The night before the ultrasound, I had a breakdown that was just as bad as that terrible first one. I refused to let her picture go. Tony thought I might tear it on accident from holding it too tightly. He wanted me to leave the house and get my mind off things. I couldn't move. I couldn't go anywhere. I screamed and cried and told him terrible things. I told him that if this baby was gone, I couldn't keep going. I said if she was gone I'd do something bad. I couldn't make myself say it. I didn't want to live if I lost her. I didn't want to face the possibility that she might be our only chance at being parents. I was in a dark place, but my loving right side of the brain husband told me she would be fine, and I tried to trust him. We got through the night and the next day we set off to the doctor knowing it could be just as defining of a day as the first time we had gone there together. She could be gone. But she wasn't.
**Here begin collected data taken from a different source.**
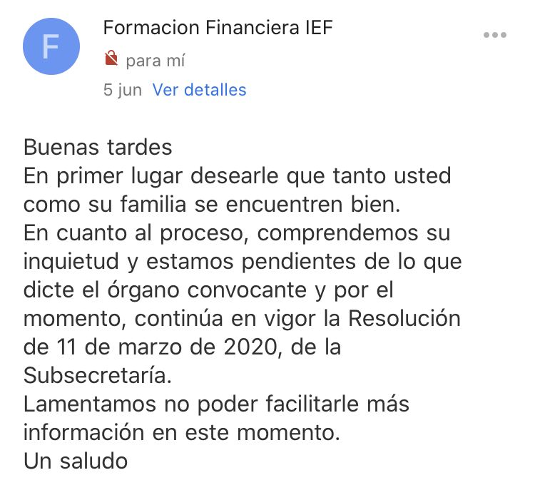 Irene wrote: Yo no sé nada. A medida que avanzan los días pienso que será a partir de septiembre. Inspectores es el 23 de julio, también en el IEF y son algo más de 400. Aduanas también se examina en el IEF la segunda quincena de julio. Puede que nos pongan el examen la primera semana de julio.... Pero si es así, deberían haberlo organizado ya y deberían haber emitido también algún comunicado. Aunque en la resolución de paralización el plazo mínimo para avisar creo que ponía 15 días, el resto de las oposiciones de Hacienda y que se organizan en el IEF aunque dependan de la AEAT, están avisando con bastante más margen de 15 días. Las personas nos debemos organizar para llegar al examen y dada la situación tan excepcional que estamos viviendo, deberían ser considerados. Pero también soy consciente que todo es posible.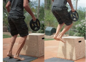 And it can be scaled to any degree. You can build a 12 incher or a 30 incher. I made a 20 for this article because it’s comfortable for most moderately fit people. If I want to make the exercise more strenuous, I just hold a pair of 25 pound barbell plates during the jump, as shown in the pictures (this also adds a bonus upper body component to the exercise as well).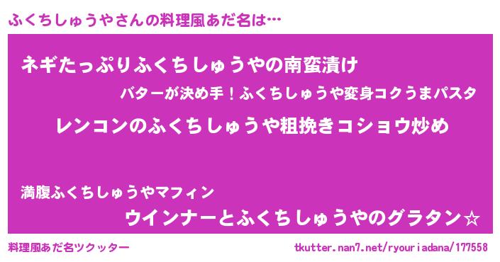 | 恥ずかしいあだ名 | 『フクチシュウヤデラックス』『ふくちん』 |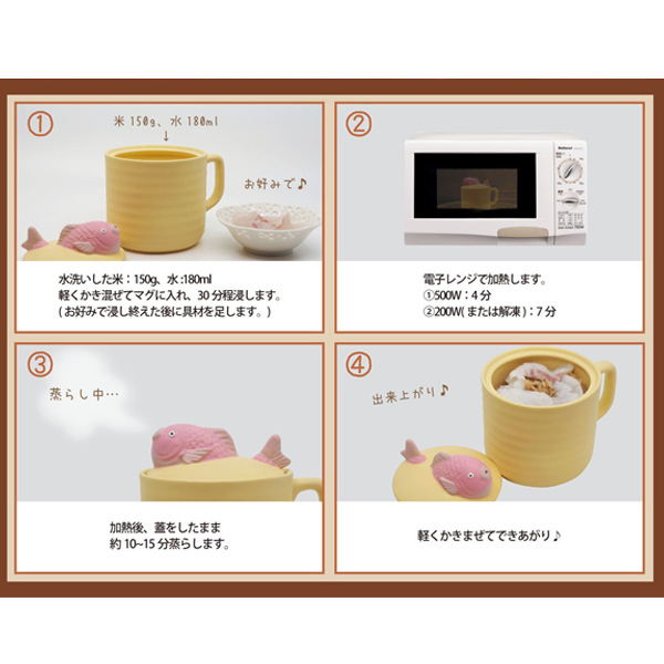 ●電子レンジで約1合分のご飯が炊けるマグカップです。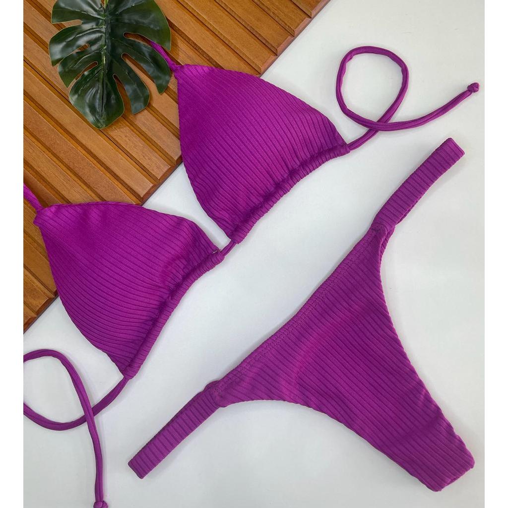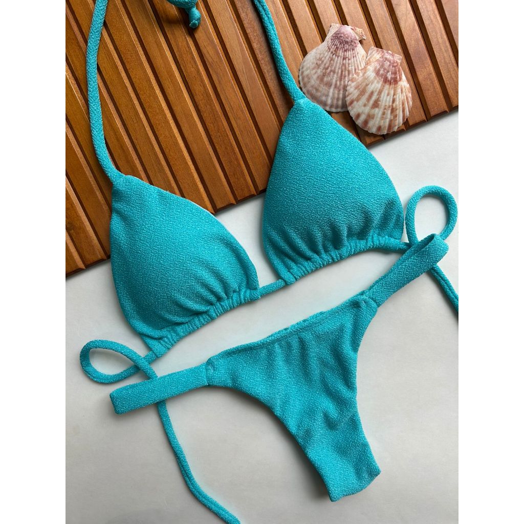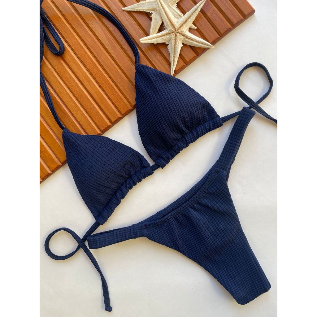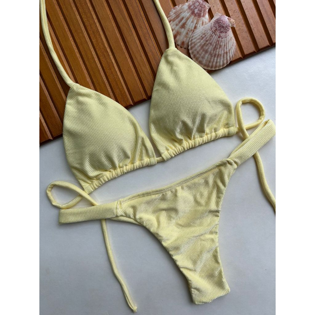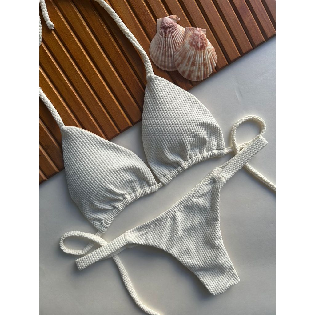 Biquíni cortininha com calcinha marquinha de fita fio duplo bronze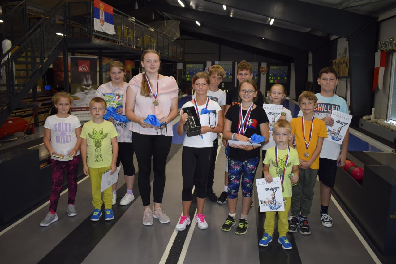 Kategória žiaci U12 – vyhodnotenie zľava doprava : 1. miesto Ema Hatnančíková, 2. miesto Rastislav Filip ml., 3. miesto Matúš Hatnančík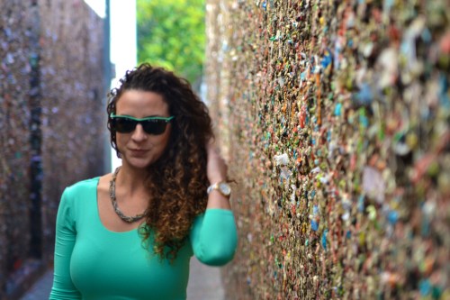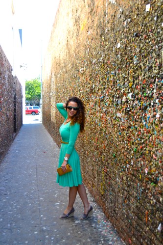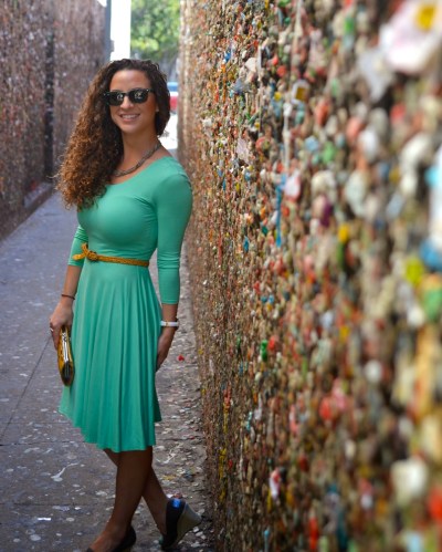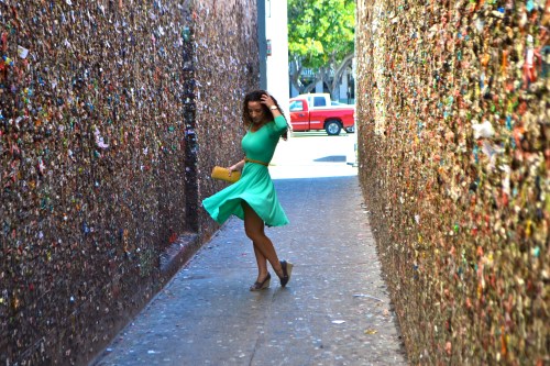 This shoot was done with Easter in mind. This dress is a color green that screams Spring, plus it’s so fun and flow-y. Between the color, style and feel of the dress, combining it with a shoot in San Luis Obispo’s Bubblegum Alley seemed like an appropriate Easter thing to do.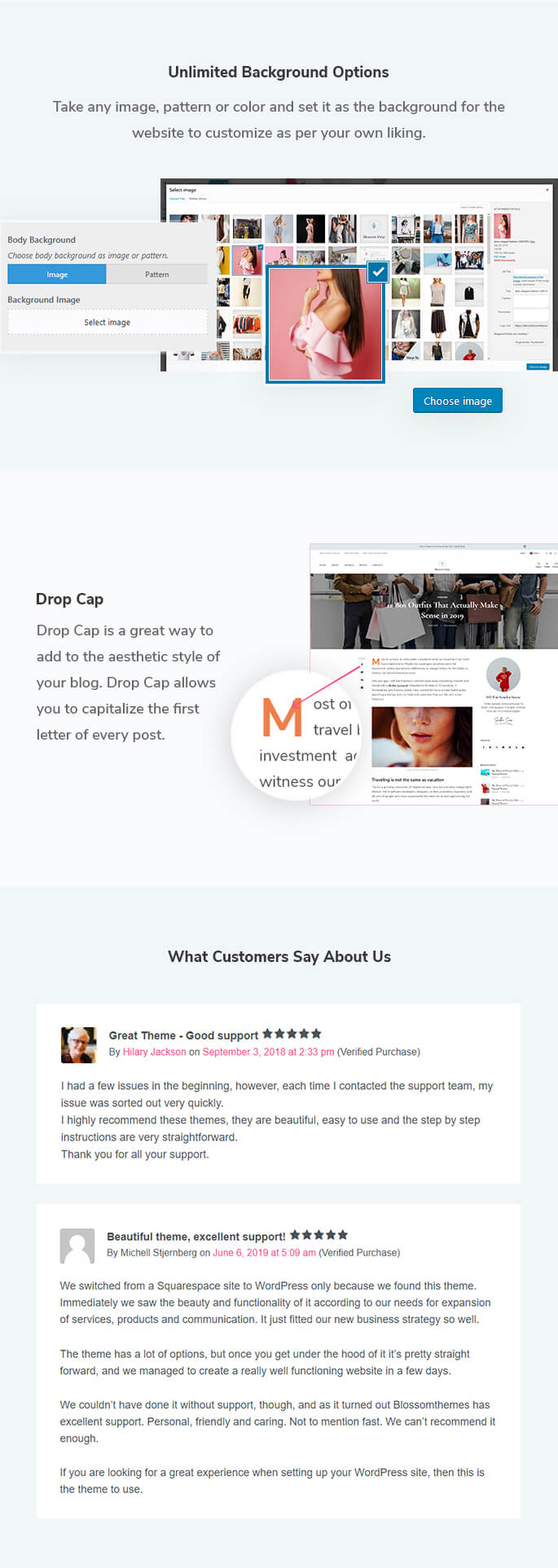 I switched to Blossom Themes early on in my blogging career. They were always so helpful. My blog has since become more of a e-commerce platform. The switch was easy enough with Blossom Shop Pro! The theme itself is great and the customer service is amazing
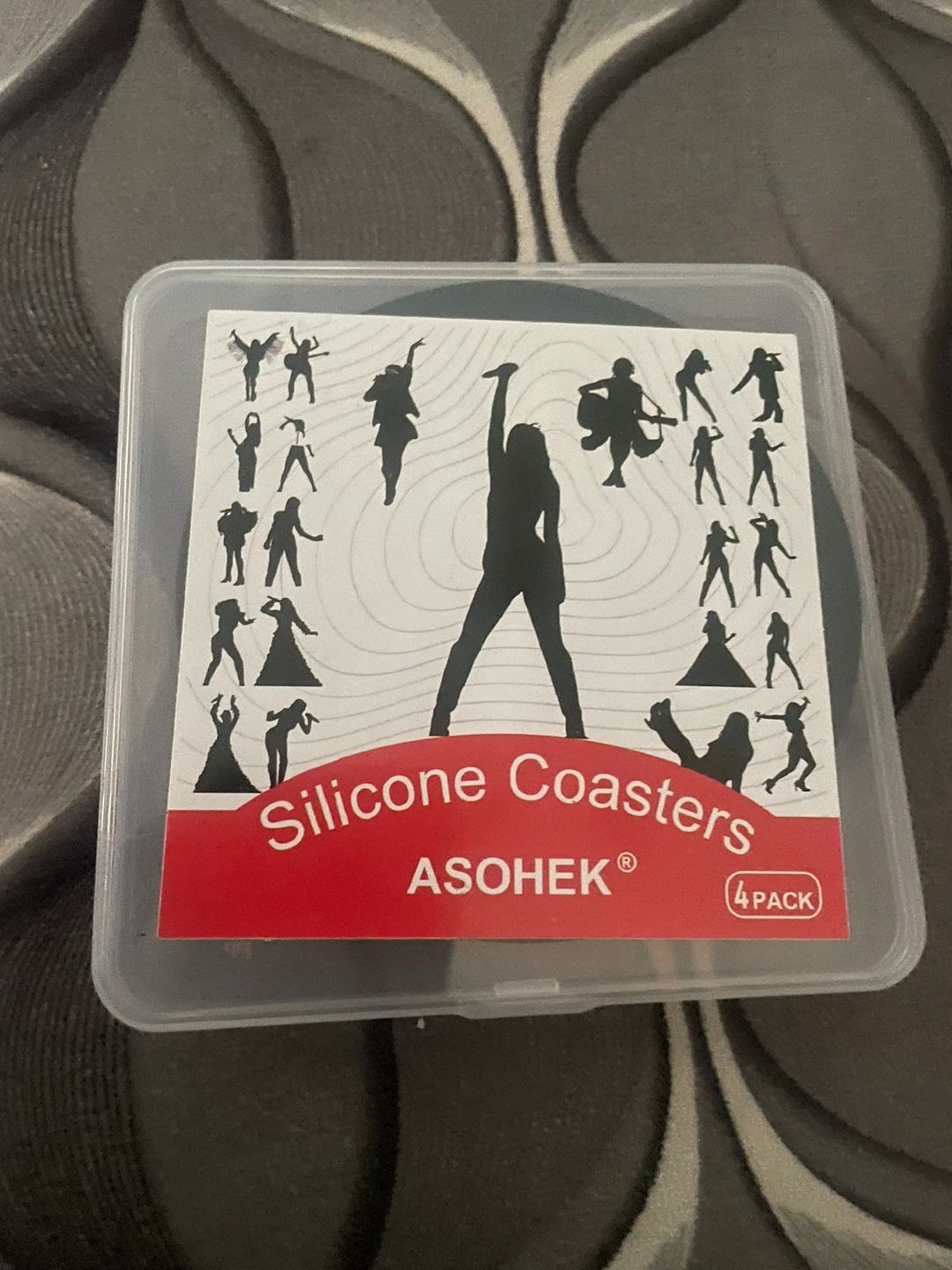 Selling a set of ASOHEK silicone coasters! They come in a pack of 4 and feature a cute 'Lover' design. These coasters are brand new and still in their original packaging. Perfect for protecting your furniture with a touch of style!

She wasn't gone. She was there, all ten fingers and ten toes, all four chambers of her little fluttering heart, and she had grown. She weighed a full pound now. She even had her little hand up next to her face. Her legs were crossed so ladylike. Our precious, perfect baby was there, and it was time for my brain to finally catch up and realize she's okay. I'm okay. Everything is okay. Everything is so okay it hurts. And that's okay. I love you, little baby. I hope you don't inherit my crazy emotions and my negativity. You are the happiest thing in my life. You are our whole lives. We love you, Nora.